# Best brand breakers & reasoning why



## ponyboy (Nov 18, 2012)

I'd say they're all fine. Look at the trip curves of each brand if you'd like but I wouldn't bother. All smaller style loadcenters do the same thing in my opinion and even when you get into the comm/industrial use NQO panels the only thing that's changing is the availability of a bolt on buss and higher aic rated breakers.


----------



## HackWork (Oct 2, 2009)

They're all UL listed, tested, and do the same thing. 

The best one is whatever my supply house has for a good price, which is usually Siemens. The Siemens AFCI's are also priced reasonably and in my experience they don't nuisance trip anymore than any other brand.


----------



## 51360 (Jun 9, 2014)

Arc fault breakers have gotten better over the years, and I have had great success with Siemens for that reason.

Borgi


----------



## bkmichael65 (Mar 25, 2013)

I would look at prices on the panels and the breakers. Panels may only differ by 20-40 bucks, but the price differences on the breakers can really add up. In my opinion, the brand isn't nearly as important as the quality of work in the installation


----------



## Semperfi1977m (Mar 4, 2015)

Yeah, I live away from town, so availability does factor in. Unless I want to drive 15 miles for a breaker when I'm in a pinch, all we have out here is a farm/ranch store. They primarily carry square D boxes & breakers, which are costly breakers if I want a QO. I just don't know if I care for how they placed the neutrals at the top. I like the layout of the Siemens, GE, & Eaton CH better. I can get basic Siemens & GE breakers at the local store, but not CH. They carry the full line for the expensive QO.


----------



## 99cents (Aug 20, 2012)

I was big on QO but switched to Siemens when I found out they made panels in Canada. I have had no issues with Siemens at all. Homeline seems kind of low end to me but that's not on your list anyway.


----------



## Semperfi1977m (Mar 4, 2015)

I'm meticulous (some say too much so lol), so the install will be clean & proper. GE & Siemens breakers seem to be dirt cheap compared to the others....should I consider that a testament to their quality & construction? I like both their boxes, but keep asking myself "why are their breakers so cheap?"


----------



## HackWork (Oct 2, 2009)

Siemens breakers aren't cheap, their price is right in line with most of the other breakers. 
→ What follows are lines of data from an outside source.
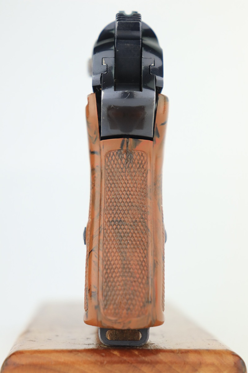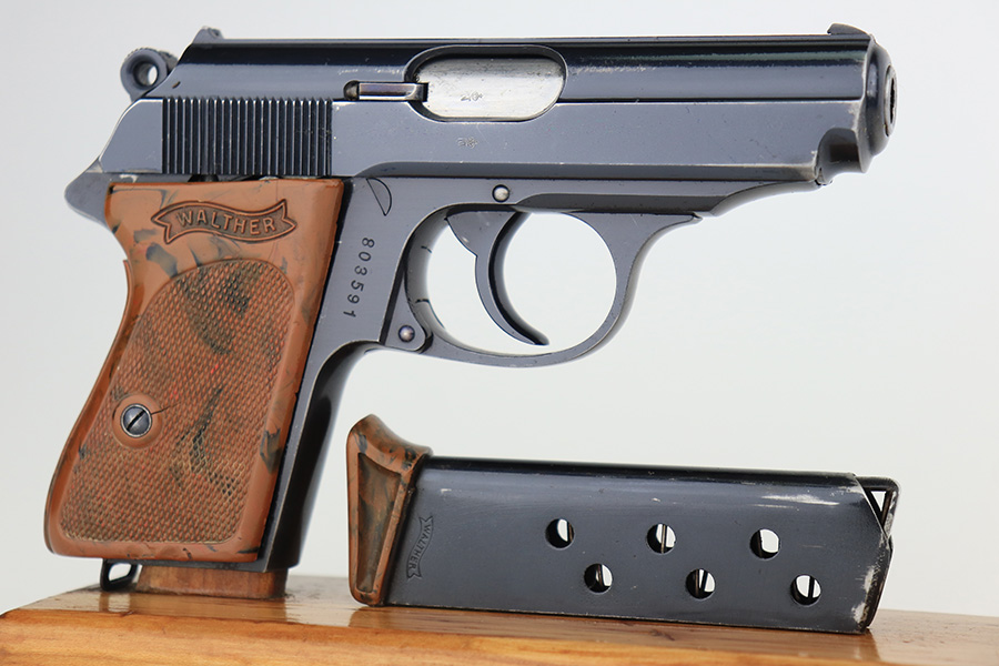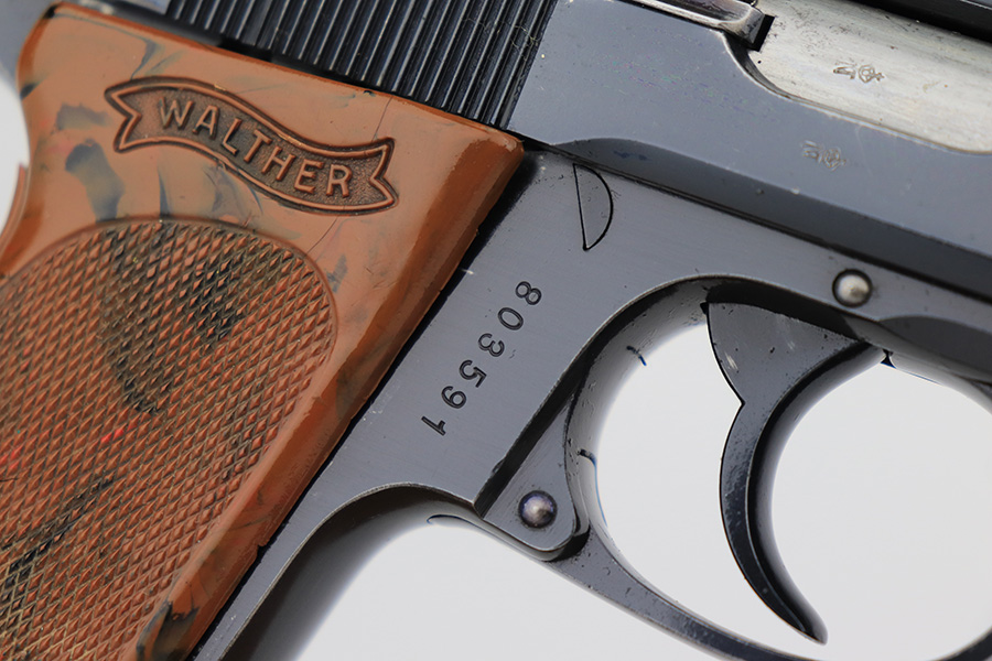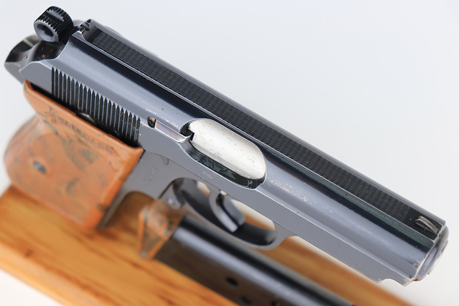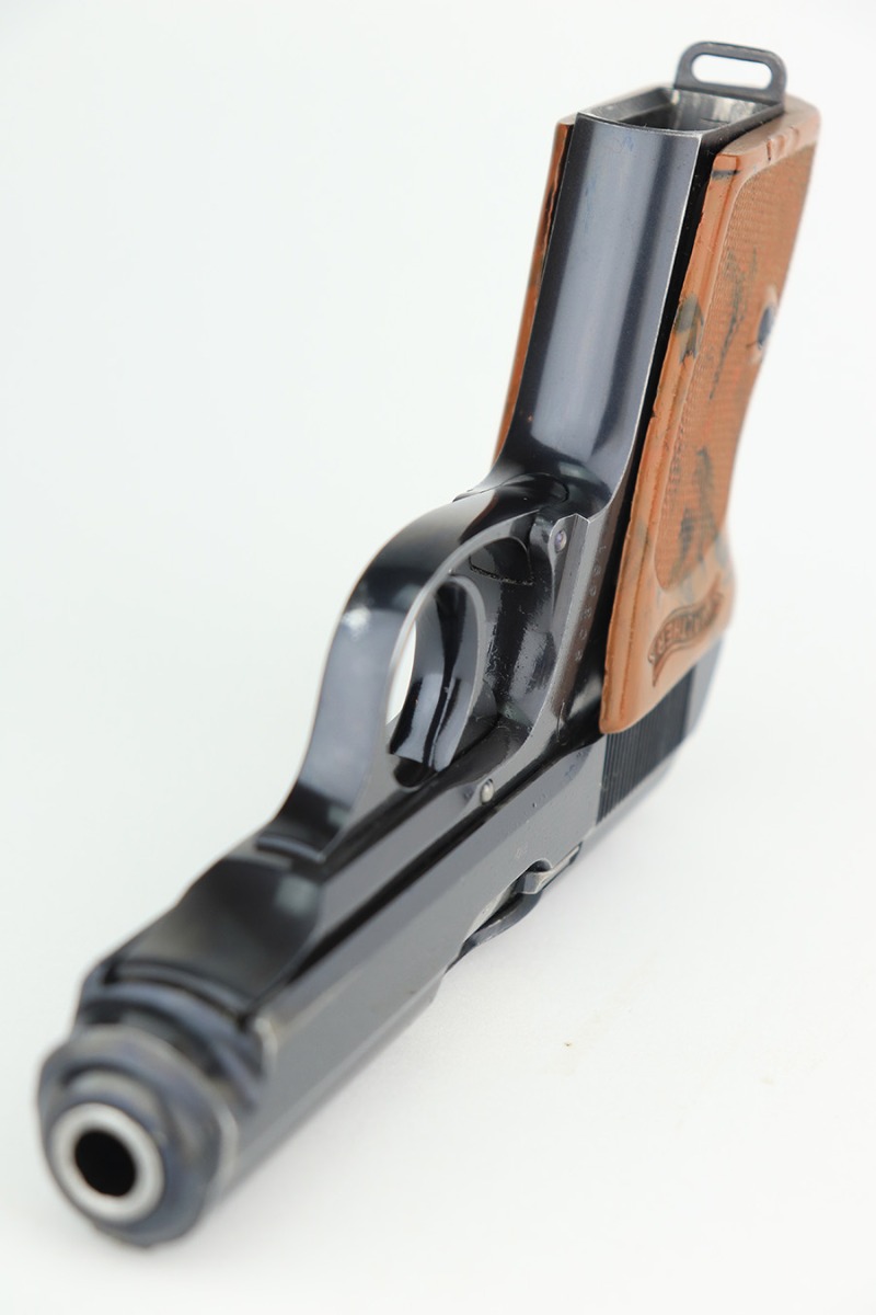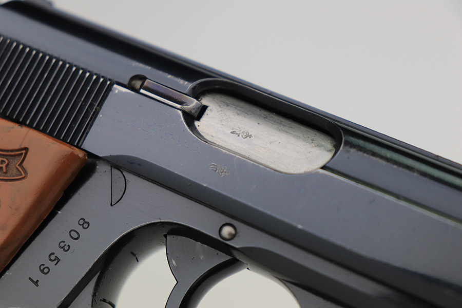 3/10/23 – This is an original and correct RZM marked Walther PPK from 1934-35 in excellent condition. The RZM (Reichs Zeug Meisterei) was the equipment office of the NSDAP and was established to contract for equipment. These pistols were commonly thought to be issued to the German political leaders of the time. This one is all matching and has retained about 97% of its original high polish finish. Minor muzzle wear and some light spotty discoloration on the left side of the slide. Some hairline cracking in the grip around the screw holes and on the spine. Comes with a period-correct Walther banner only finger extension magazine. Mint bore.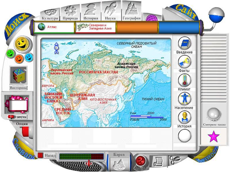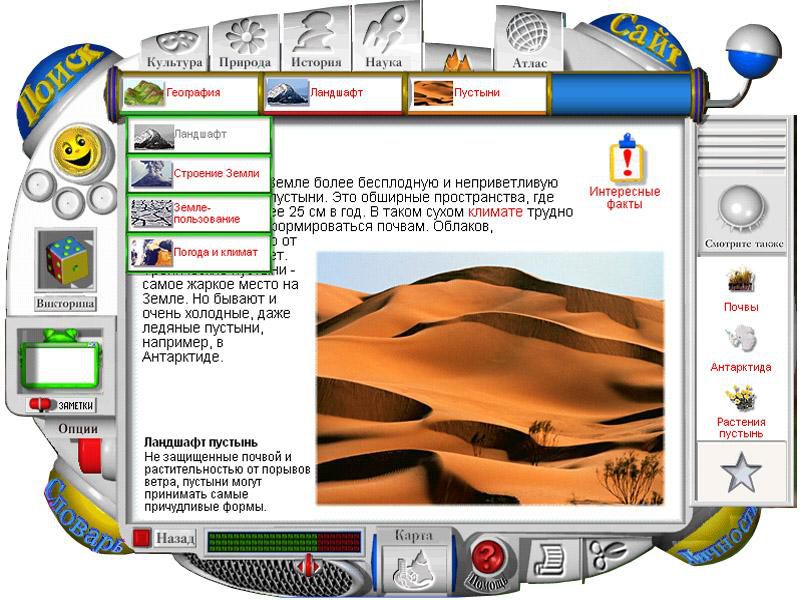 У ребенка есть выбор – воспользоваться строгой системой рубрик или же отправиться в свободное путешествие по виртуальному миру знаний. Юный исследователь сможет очутиться в джунглях, саванне или хвойном лесу, подняться в горы или опуститься на дно океана и исследовать затонувший корабль. Ему ничего не стоит из центра огромного мегаполиса перенестись в пригород на ярмарку, поселиться в деревенском доме и исследовать окрестные леса – и снова пуститься в путь!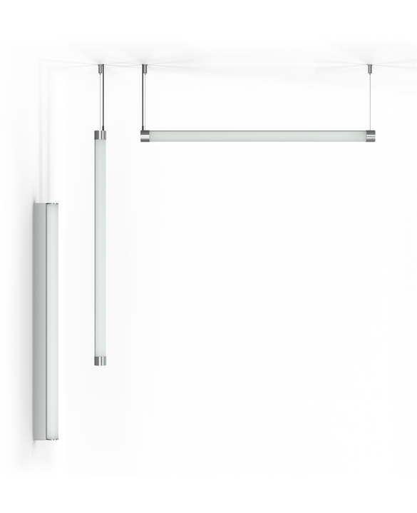 Die Variante für den Wandanbau kann in jeder beliebigen Ausrichtung und auch an Decken installiert werden. Die Länge kann,abhängig von der gewählten Lichtquelle, bis zu einer Maximallänge von 4 m frei gewählt werden.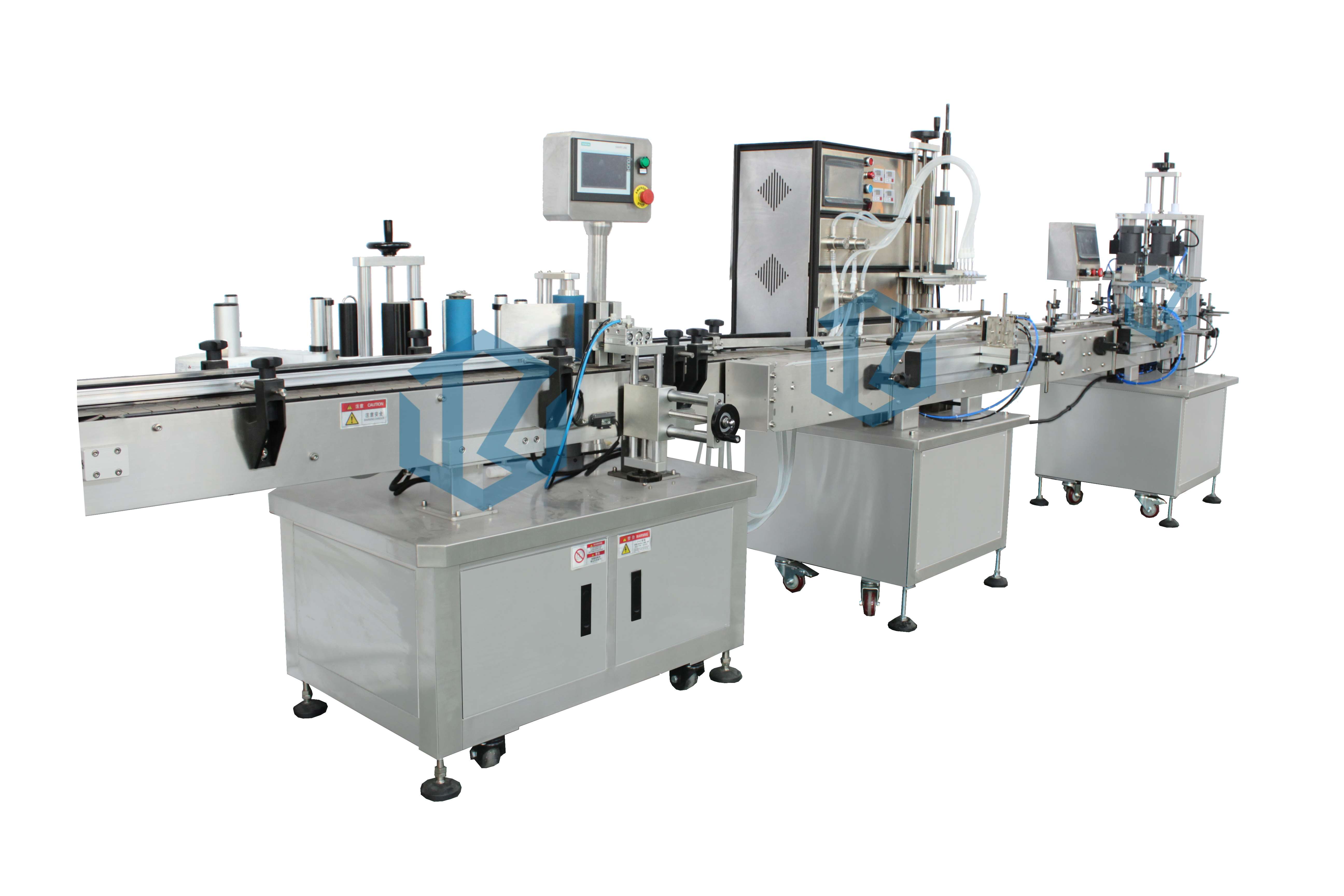 完成動作:人工放瓶-自動灌裝-機器放蓋-自動旋蓋–自動貼標(biāo)-人工收瓶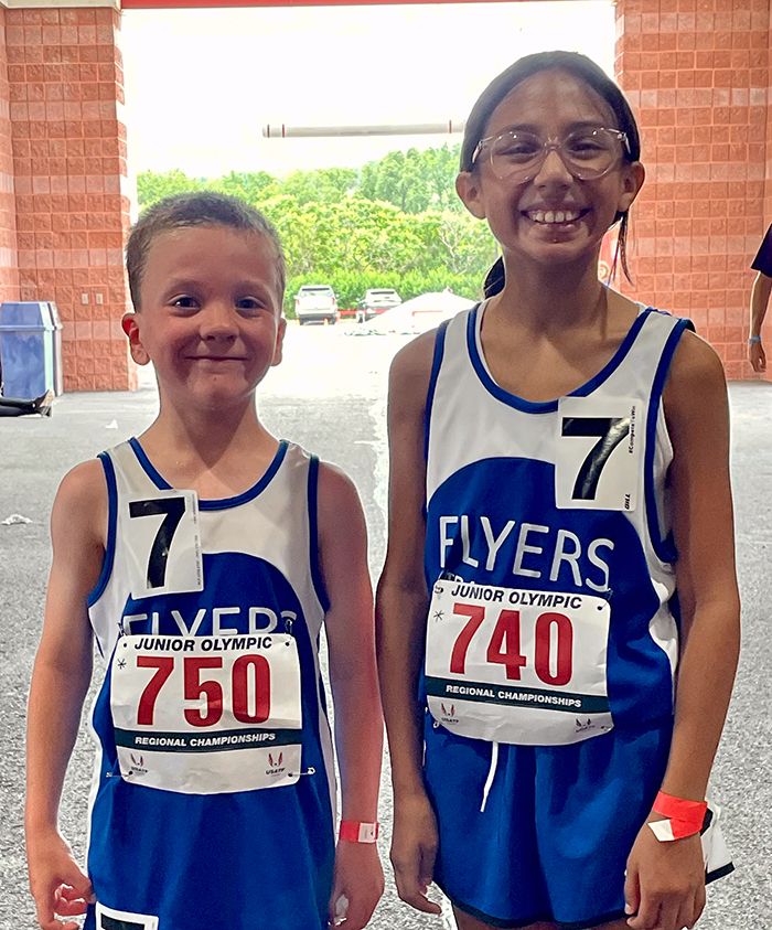 Grayson Van Dyk (left) and Katalyna Aguilar (right) two qualifiers for the 2023 USATF Junior Olympic National Championships in the 1500m run.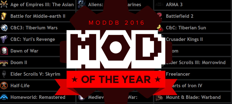 If you have a favourite mod of 2016, or if your choice last year didn't quite make the grade and is still going strong, ModDB wants to hear about it. As it has every year for the past decade and a half, ModDB is looking to crown its Mod of the year 2016, with 100 of the top contenders from a number of games, new and old alike, now available to vote on.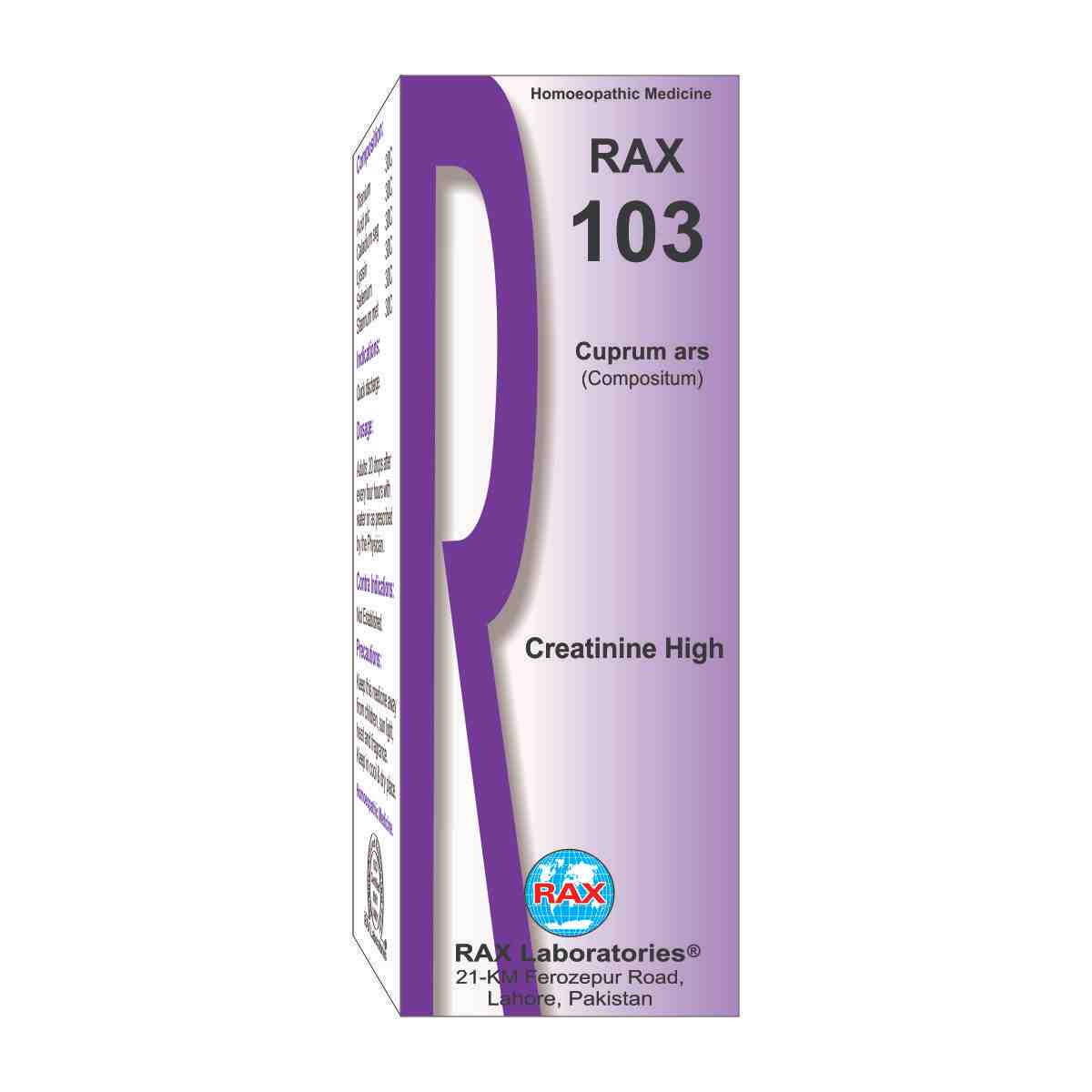 Indications: Creatinine level raised in body due to improper functioning of kidneys. So waste materials not expelled properly out from body and kidneys becomes weak. Rax no. 103 reduces creatinine level.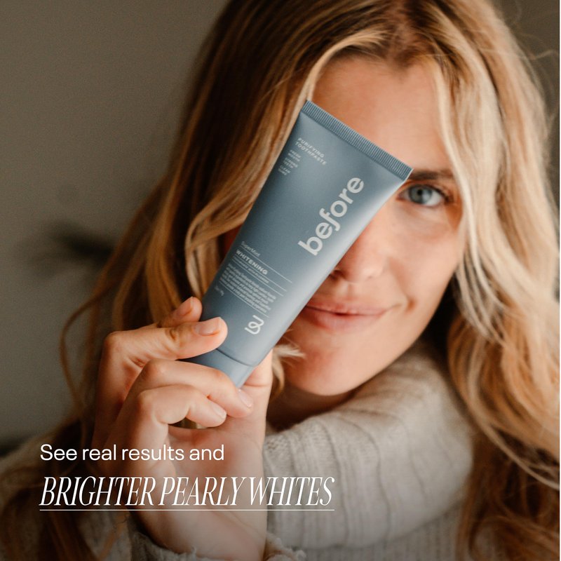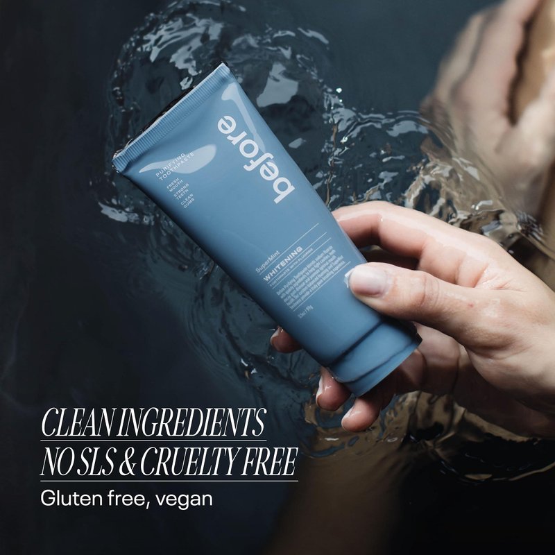 Our toothpaste uses a custom blend of high quality clean ingredients with sodium fluoride to help fight cavities, remineralize tooth enamel and promote optimal mouth health. Before Whitening gently whitens teeth using clean ingredients and no harmful chemicals. We use aloe extract to sooth your gums and antioxidants to boost the immune system.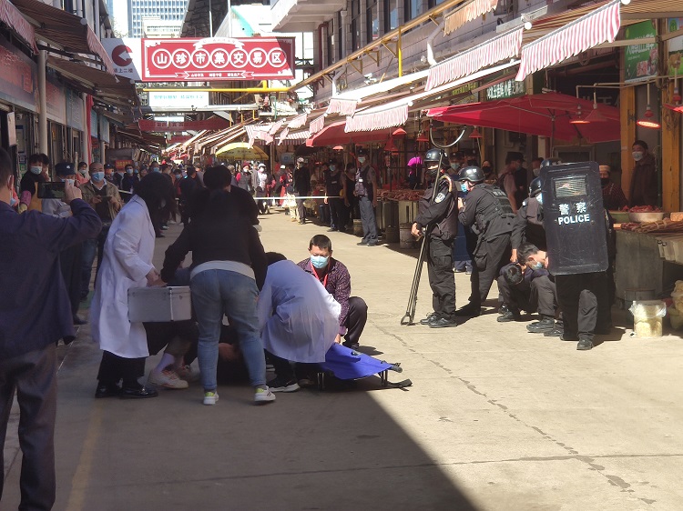 下午2點演練正式開始。一名“歹徒”持刀在1道A棟A-3海鮮水產店門口砍傷一名商戶,值班保安迅速趕到案發(fā)現場處理并上報市場當班領導,為遏制事態(tài)的進一步發(fā)展,市場隨即啟動反恐應急預案。安保人員拿起電警棍進行阻攔,并與歹徒周旋、勸告;其他工作人員在第一時間做好了游客疏散工作,并迅速形成一支強有力的反恐力量,安保人員用鋼叉叉住嫌疑人的腰部、腿部,迅速將其控制,利用盾牌、甩棍等防暴器械默契配合,成功將該男子制伏,有效避免了市場后續(xù)人員傷亡事件的發(fā)生。隨后救護組接到通知趕往現場迅速開展急救處理,整個演練過程緊張有序,疏散和救援有條不紊。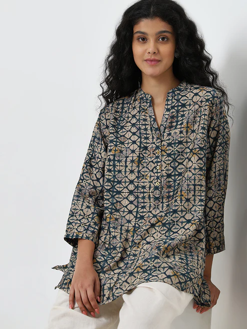 Utsa brings you this blue kurti in an A-line silhouette featuring a diamond tie-dye design. It is made from a breathable fabric showcasing a notched collar and three-quarter sleeves for a graceful silhouette.

SquareD QO and Cutler Hammer CH are just expensive.


----------



## MTW (Aug 28, 2013)

You can't go wrong with Wadsworth, Federal Pacific, Zinsco, ITE Imperial, General Switch, Crouse Hinds, Trumbull, Colt, or Challenger.


----------



## Semperfi1977m (Mar 4, 2015)

Hahahahaha. Yeah, I should just buy up all those FPE breakers I see on the local craigslist & rework my box lol.


----------



## 480sparky (Sep 20, 2007)

There is no such thing as 'the best' of anything. If there were, it would be the only one on the market.


----------



## MTW (Aug 28, 2013)

Semperfi1977m said:


> Hahahahaha. Yeah, I should just buy up all those FPE breakers I see on the local craigslist & rework my box lol.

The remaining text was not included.